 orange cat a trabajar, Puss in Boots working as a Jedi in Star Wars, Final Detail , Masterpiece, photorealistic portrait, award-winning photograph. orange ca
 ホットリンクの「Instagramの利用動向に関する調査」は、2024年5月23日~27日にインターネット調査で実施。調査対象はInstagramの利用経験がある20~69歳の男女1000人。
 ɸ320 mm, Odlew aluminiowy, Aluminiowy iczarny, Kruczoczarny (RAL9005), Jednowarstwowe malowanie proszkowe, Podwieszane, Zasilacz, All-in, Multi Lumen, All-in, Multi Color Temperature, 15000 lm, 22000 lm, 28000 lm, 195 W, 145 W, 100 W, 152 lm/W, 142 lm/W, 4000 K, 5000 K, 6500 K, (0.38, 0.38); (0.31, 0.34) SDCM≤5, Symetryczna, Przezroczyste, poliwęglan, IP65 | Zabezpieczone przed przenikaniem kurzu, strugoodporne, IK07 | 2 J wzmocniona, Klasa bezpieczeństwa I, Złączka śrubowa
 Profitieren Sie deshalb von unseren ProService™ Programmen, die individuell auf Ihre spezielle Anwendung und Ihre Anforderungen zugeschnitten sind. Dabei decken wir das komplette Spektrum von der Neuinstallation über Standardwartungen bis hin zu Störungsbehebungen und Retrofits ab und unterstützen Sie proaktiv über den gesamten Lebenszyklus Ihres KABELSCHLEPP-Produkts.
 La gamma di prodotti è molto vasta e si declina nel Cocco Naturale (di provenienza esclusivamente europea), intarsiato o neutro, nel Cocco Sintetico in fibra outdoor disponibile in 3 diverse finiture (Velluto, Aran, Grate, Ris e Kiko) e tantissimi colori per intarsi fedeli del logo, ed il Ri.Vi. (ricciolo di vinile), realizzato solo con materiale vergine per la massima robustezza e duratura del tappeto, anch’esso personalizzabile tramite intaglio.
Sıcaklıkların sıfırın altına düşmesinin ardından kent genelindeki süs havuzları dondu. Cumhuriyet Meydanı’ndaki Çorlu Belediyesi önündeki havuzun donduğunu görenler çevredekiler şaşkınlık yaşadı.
----------
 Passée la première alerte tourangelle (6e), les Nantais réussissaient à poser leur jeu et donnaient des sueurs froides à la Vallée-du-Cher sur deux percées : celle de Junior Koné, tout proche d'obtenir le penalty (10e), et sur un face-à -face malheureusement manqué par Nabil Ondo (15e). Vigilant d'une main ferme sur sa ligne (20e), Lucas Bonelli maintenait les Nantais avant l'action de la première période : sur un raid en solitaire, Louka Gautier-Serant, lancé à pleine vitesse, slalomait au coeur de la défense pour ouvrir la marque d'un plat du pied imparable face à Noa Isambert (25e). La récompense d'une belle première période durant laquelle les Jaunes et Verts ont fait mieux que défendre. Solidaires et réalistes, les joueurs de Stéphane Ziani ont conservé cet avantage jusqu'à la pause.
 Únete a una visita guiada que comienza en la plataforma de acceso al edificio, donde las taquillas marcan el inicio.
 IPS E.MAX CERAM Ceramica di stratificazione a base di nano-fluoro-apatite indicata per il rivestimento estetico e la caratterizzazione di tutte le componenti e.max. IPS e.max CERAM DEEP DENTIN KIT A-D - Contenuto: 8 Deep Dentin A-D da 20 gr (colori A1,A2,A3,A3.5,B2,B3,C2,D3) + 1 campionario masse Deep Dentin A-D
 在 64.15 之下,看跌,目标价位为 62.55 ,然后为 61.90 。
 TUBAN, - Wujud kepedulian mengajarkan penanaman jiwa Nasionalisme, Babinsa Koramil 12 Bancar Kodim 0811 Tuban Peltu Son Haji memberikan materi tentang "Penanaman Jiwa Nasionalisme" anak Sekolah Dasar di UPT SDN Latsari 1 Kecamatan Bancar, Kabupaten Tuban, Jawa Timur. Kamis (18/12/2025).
----------
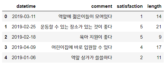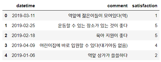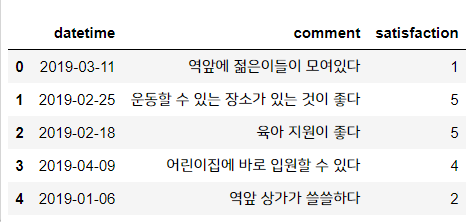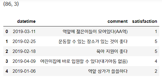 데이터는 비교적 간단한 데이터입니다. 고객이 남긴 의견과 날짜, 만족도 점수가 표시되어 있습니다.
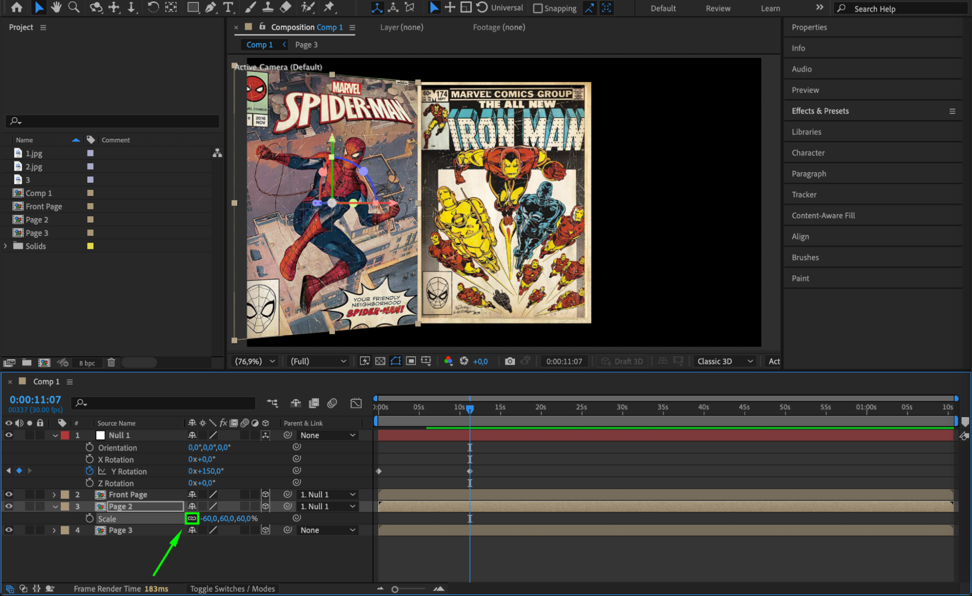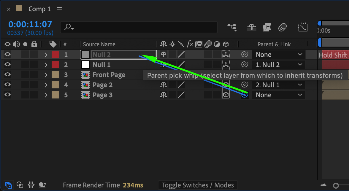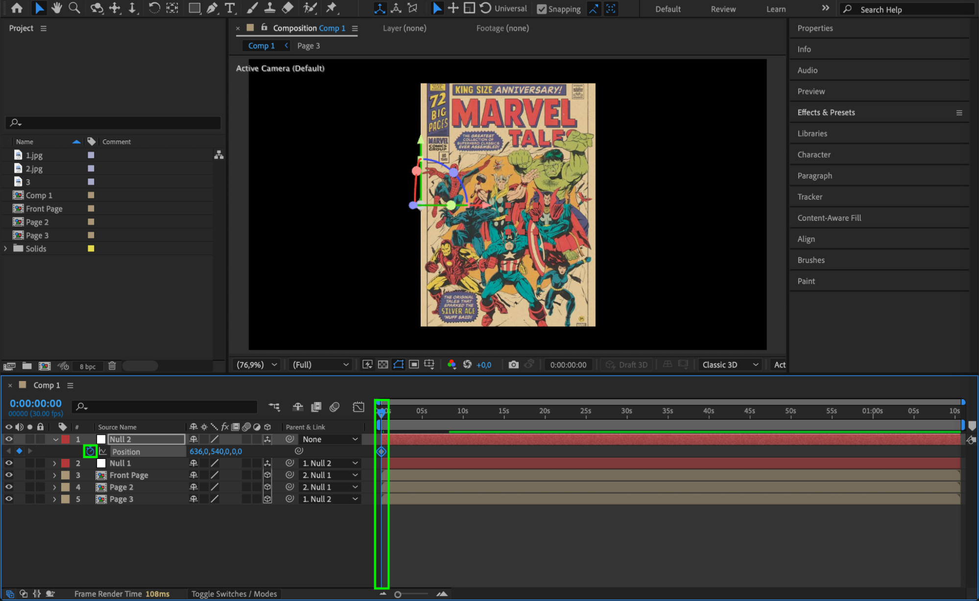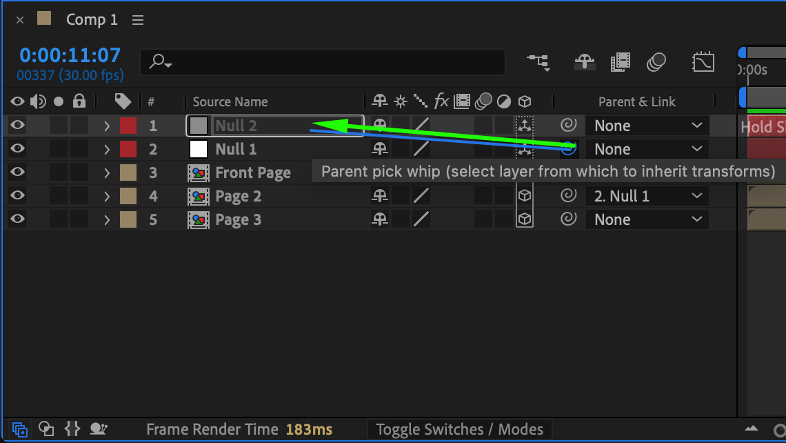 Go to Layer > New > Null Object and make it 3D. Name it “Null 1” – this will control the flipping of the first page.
----------
Beginning with the line containing "在 64.15 之下,看跌,目标价位为 62.55 ,然后为 61.90 。" and ending with the line containing "TUBAN, - Wujud", extract those lines exactly from the listing above, and only those.

TASK ANSWER ▸
 在 64.15 之下,看跌,目标价位为 62.55 ,然后为 61.90 。
 TUBAN, - Wujud kepedulian mengajarkan penanaman jiwa Nasionalisme, Babinsa Koramil 12 Bancar Kodim 0811 Tuban Peltu Son Haji memberikan materi tentang "Penanaman Jiwa Nasionalisme" anak Sekolah Dasar di UPT SDN Latsari 1 Kecamatan Bancar, Kabupaten Tuban, Jawa Timur. Kamis (18/12/2025).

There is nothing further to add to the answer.